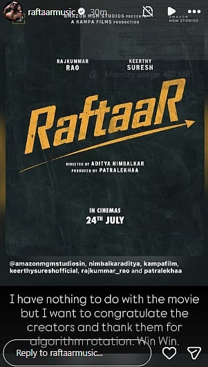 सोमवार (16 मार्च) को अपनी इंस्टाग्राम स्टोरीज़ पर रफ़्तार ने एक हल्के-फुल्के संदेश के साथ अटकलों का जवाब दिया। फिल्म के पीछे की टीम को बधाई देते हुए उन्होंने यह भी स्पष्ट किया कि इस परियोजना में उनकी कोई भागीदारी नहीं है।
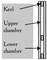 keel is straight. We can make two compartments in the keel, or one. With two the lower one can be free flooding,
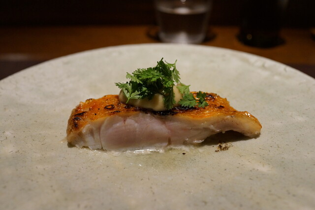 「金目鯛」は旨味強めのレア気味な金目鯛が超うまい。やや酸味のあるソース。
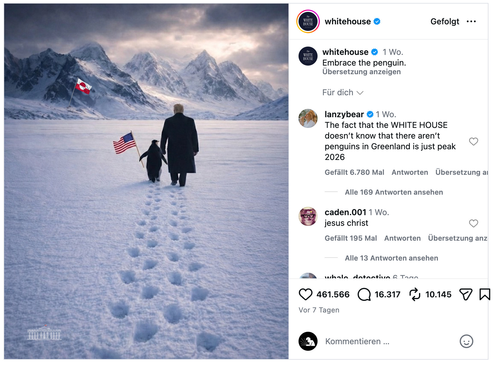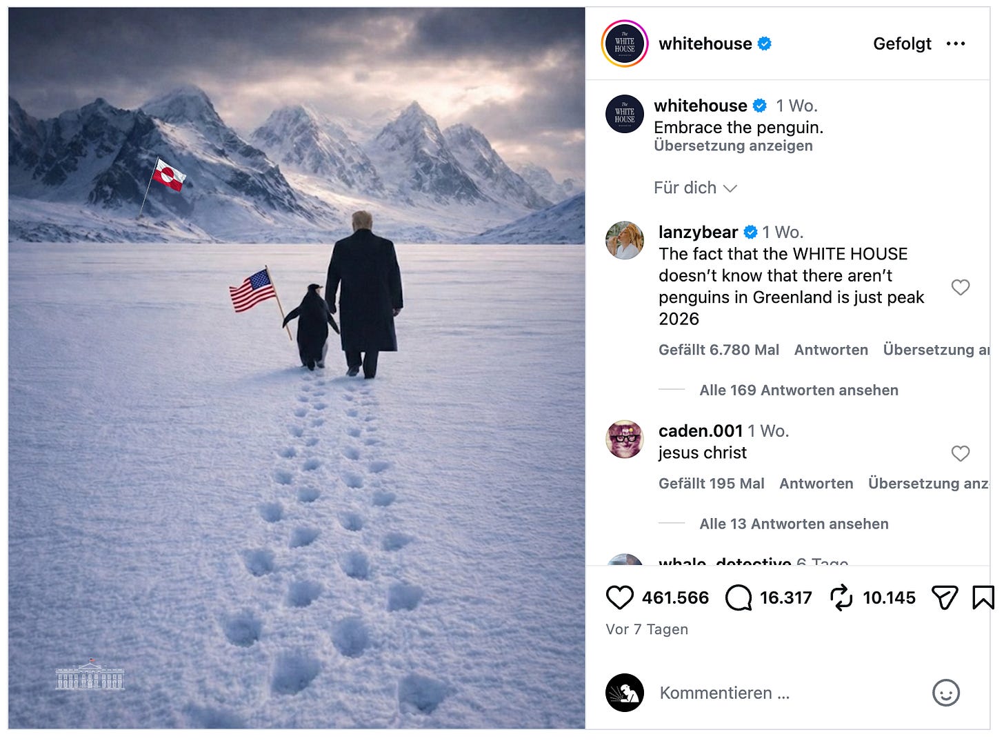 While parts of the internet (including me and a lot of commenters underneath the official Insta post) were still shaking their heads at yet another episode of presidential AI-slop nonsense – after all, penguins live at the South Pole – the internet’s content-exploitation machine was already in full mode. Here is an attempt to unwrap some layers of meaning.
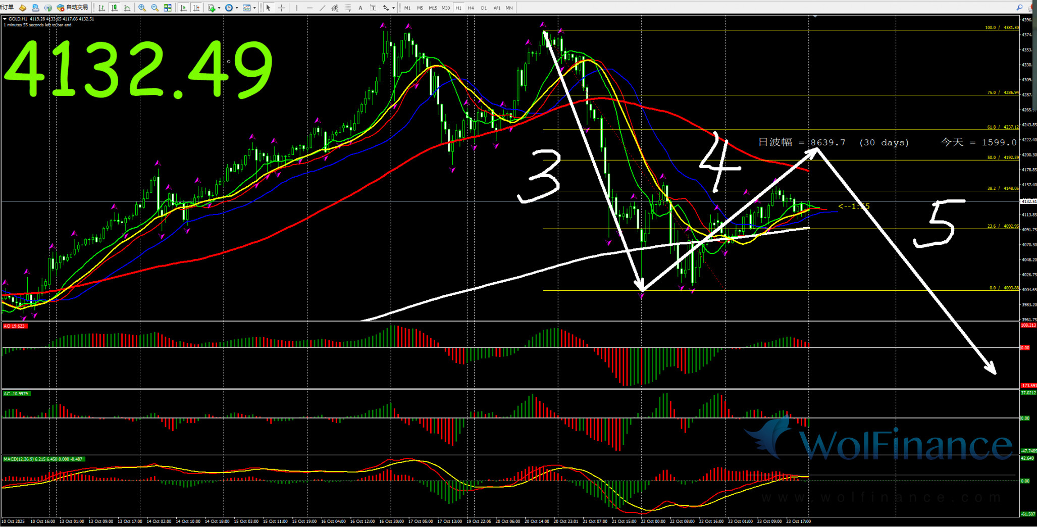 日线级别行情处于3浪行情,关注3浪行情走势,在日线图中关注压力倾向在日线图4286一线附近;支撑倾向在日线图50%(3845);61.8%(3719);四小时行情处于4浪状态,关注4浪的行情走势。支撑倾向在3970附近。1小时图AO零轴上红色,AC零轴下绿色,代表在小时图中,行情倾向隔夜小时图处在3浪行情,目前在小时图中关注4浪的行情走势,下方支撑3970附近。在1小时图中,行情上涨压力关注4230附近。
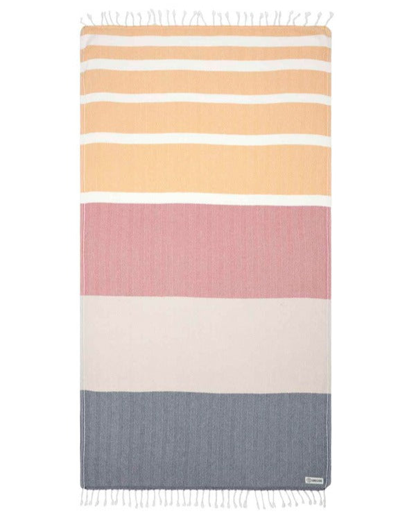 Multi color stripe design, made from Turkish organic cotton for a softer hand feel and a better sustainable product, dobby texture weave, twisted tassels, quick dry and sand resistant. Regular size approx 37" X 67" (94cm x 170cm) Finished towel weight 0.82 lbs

* [ASSIGNMENT]
Output all the material exactly. The pictures are to be left out.

* [WRITTEN SOLUTION]
 सोमवार (16 मार्च) को अपनी इंस्टाग्राम स्टोरीज़ पर रफ़्तार ने एक हल्के-फुल्के संदेश के साथ अटकलों का जवाब दिया। फिल्म के पीछे की टीम को बधाई देते हुए उन्होंने यह भी स्पष्ट किया कि इस परियोजना में उनकी कोई भागीदारी नहीं है।
 keel is straight. We can make two compartments in the keel, or one. With two the lower one can be free flooding,
 「金目鯛」は旨味強めのレア気味な金目鯛が超うまい。やや酸味のあるソース。
 While parts of the internet (including me and a lot of commenters underneath the official Insta post) were still shaking their heads at yet another episode of presidential AI-slop nonsense – after all, penguins live at the South Pole – the internet’s content-exploitation machine was already in full mode. Here is an attempt to unwrap some layers of meaning.
 日线级别行情处于3浪行情,关注3浪行情走势,在日线图中关注压力倾向在日线图4286一线附近;支撑倾向在日线图50%(3845);61.8%(3719);四小时行情处于4浪状态,关注4浪的行情走势。支撑倾向在3970附近。1小时图AO零轴上红色,AC零轴下绿色,代表在小时图中,行情倾向隔夜小时图处在3浪行情,目前在小时图中关注4浪的行情走势,下方支撑3970附近。在1小时图中,行情上涨压力关注4230附近。
 Multi color stripe design, made from Turkish organic cotton for a softer hand feel and a better sustainable product, dobby texture weave, twisted tassels, quick dry and sand resistant. Regular size approx 37" X 67" (94cm x 170cm) Finished towel weight 0.82 lbs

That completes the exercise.